TASK REQUIREMENTS:
Leave out the images and repeat the listing below without a single change.

DATASET EXTRACT:
== Segment start ==
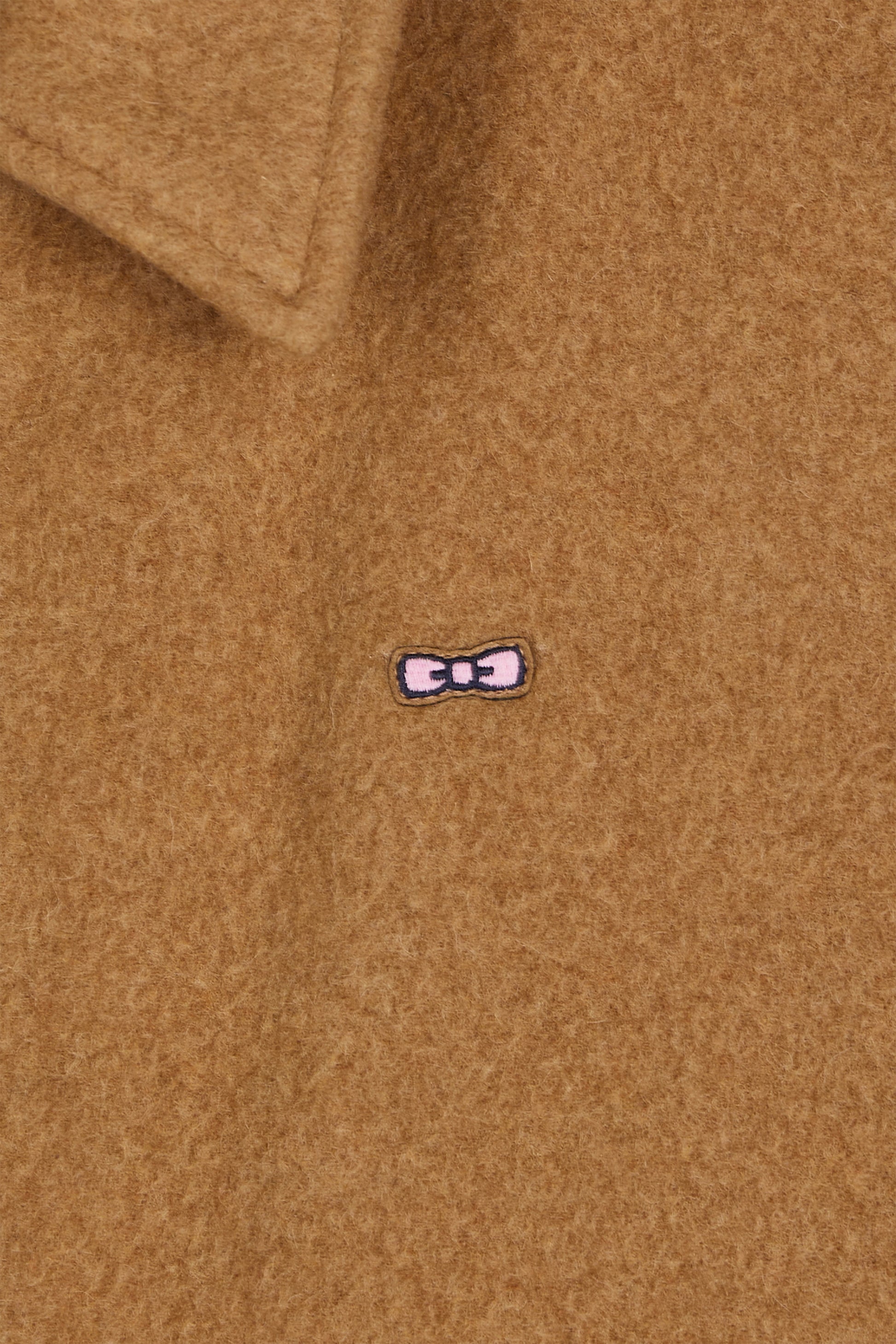 Clean lines and controlled warmth for this boiled wool jacket in camel or navy. Its straight cut is structured by a silver-tone metal double-slider zip and two flap pockets with snap fastenings. Camel-ringed inner lining, premium finishes and a gum bow on a felt base at the chest give this piece a minimalist, timeless elegance.
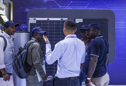 4月15日,参展商在第135届广交会上向采购商介绍太阳能电池组件展品。新华社记者 刘大伟 摄
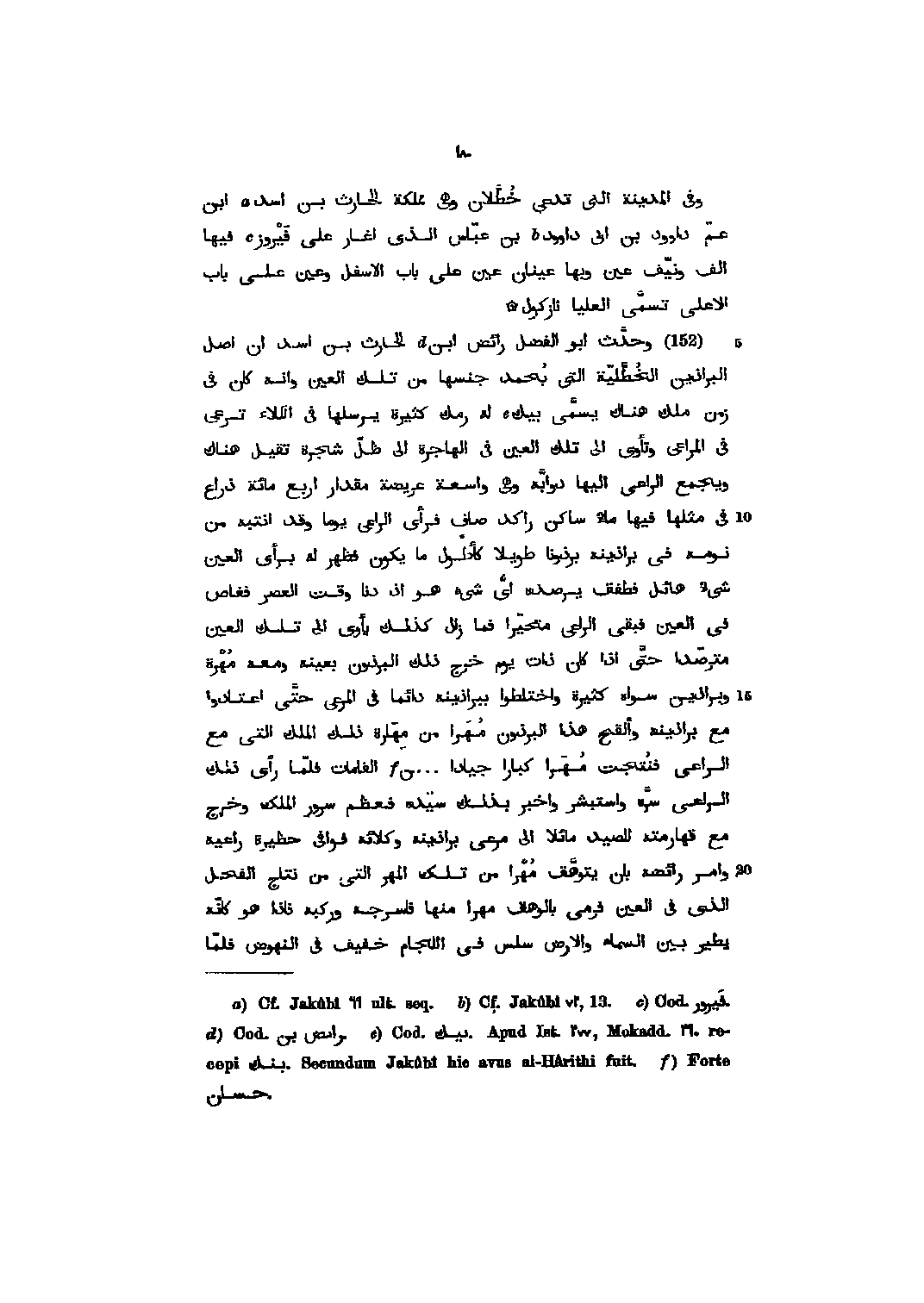 وفى المدينة التى تدعى خطّلان وهى مملكة الحارث بن اسد ابن عمّ داوود بن ابى داوود بن عبّاس الذي اغار على فيروز فيها الف ونيّف عين وبها عينان عين على باب الاسفل وعين على باب الاعلى تسمّى العليا نازكول (152) وحدّث ابو الفضل رائض ابن الحارث بن اسد ان اصل البراذين الخطّليّة التى يحمد جنسها من تلك العين وانه كان فى زمن ملك هناك يسمّى بيك له رمك كثيرة يرسلها فى الكلاء ترعى فى المراعى وتأوى الى تلك العين فى الهاجرة الى ظلّ شجرة تقيل هناك ويجمع الراعى اليها دوابّه وهى واسعة عريضة مقدار اربع مائة ذراع فى مثلها فيها ماء ساكن راكد صاف فرأى الراعى يوما وقد انتبه من نومه فى براذينه برذونا طويلا كأطول ما يكون فظهر له برأى العين شىء هائل فطفق يرصده اىّ شىء هو اذ دنا وقت العصر فغاص فى العين فبقى الراعى متحيّرا فما زال كذلك يأوى الى تلك العين مترصّدا حتّى اذا كان ذات يوم خرج ذلك البرذون بعينه ومعه مهرة وبراذين سواه كثيرة واختلطوا ببراذينه دائما فى المرعى حتّى اعتادوا مع براذينه وألقح هذا البرذون مهرا من مهارة ذلك الملك التى مع الراعى فنتجت مهرا كبارا جيادا ... ن القامات فلمّا رأى ذلك الراعى سرّه واستبشر واخبر بذلك سيّده فعظم سرور الملك وخرج مع قهارمته للصيد مائلا الى مرعى براذينه وكلائه فوافى حظيرة راعيه وامر رائضه بان يتوهّق مهرا من تلك المهر التى من نتاج الفحل الذي فى العين فرمى بالوهق مهرا منها فاسرجه وركبه فاذا هو كانّه يطير بين السماء والارض سلس فى اللجام خفيف فى النهوض فلمّا
== Segment end ==
ANSWER SECTION:
 Clean lines and controlled warmth for this boiled wool jacket in camel or navy. Its straight cut is structured by a silver-tone metal double-slider zip and two flap pockets with snap fastenings. Camel-ringed inner lining, premium finishes and a gum bow on a felt base at the chest give this piece a minimalist, timeless elegance.
 4月15日,参展商在第135届广交会上向采购商介绍太阳能电池组件展品。新华社记者 刘大伟 摄
 وفى المدينة التى تدعى خطّلان وهى مملكة الحارث بن اسد ابن عمّ داوود بن ابى داوود بن عبّاس الذي اغار على فيروز فيها الف ونيّف عين وبها عينان عين على باب الاسفل وعين على باب الاعلى تسمّى العليا نازكول (152) وحدّث ابو الفضل رائض ابن الحارث بن اسد ان اصل البراذين الخطّليّة التى يحمد جنسها من تلك العين وانه كان فى زمن ملك هناك يسمّى بيك له رمك كثيرة يرسلها فى الكلاء ترعى فى المراعى وتأوى الى تلك العين فى الهاجرة الى ظلّ شجرة تقيل هناك ويجمع الراعى اليها دوابّه وهى واسعة عريضة مقدار اربع مائة ذراع فى مثلها فيها ماء ساكن راكد صاف فرأى الراعى يوما وقد انتبه من نومه فى براذينه برذونا طويلا كأطول ما يكون فظهر له برأى العين شىء هائل فطفق يرصده اىّ شىء هو اذ دنا وقت العصر فغاص فى العين فبقى الراعى متحيّرا فما زال كذلك يأوى الى تلك العين مترصّدا حتّى اذا كان ذات يوم خرج ذلك البرذون بعينه ومعه مهرة وبراذين سواه كثيرة واختلطوا ببراذينه دائما فى المرعى حتّى اعتادوا مع براذينه وألقح هذا البرذون مهرا من مهارة ذلك الملك التى مع الراعى فنتجت مهرا كبارا جيادا ... ن القامات فلمّا رأى ذلك الراعى سرّه واستبشر واخبر بذلك سيّده فعظم سرور الملك وخرج مع قهارمته للصيد مائلا الى مرعى براذينه وكلائه فوافى حظيرة راعيه وامر رائضه بان يتوهّق مهرا من تلك المهر التى من نتاج الفحل الذي فى العين فرمى بالوهق مهرا منها فاسرجه وركبه فاذا هو كانّه يطير بين السماء والارض سلس فى اللجام خفيف فى النهوض فلمّا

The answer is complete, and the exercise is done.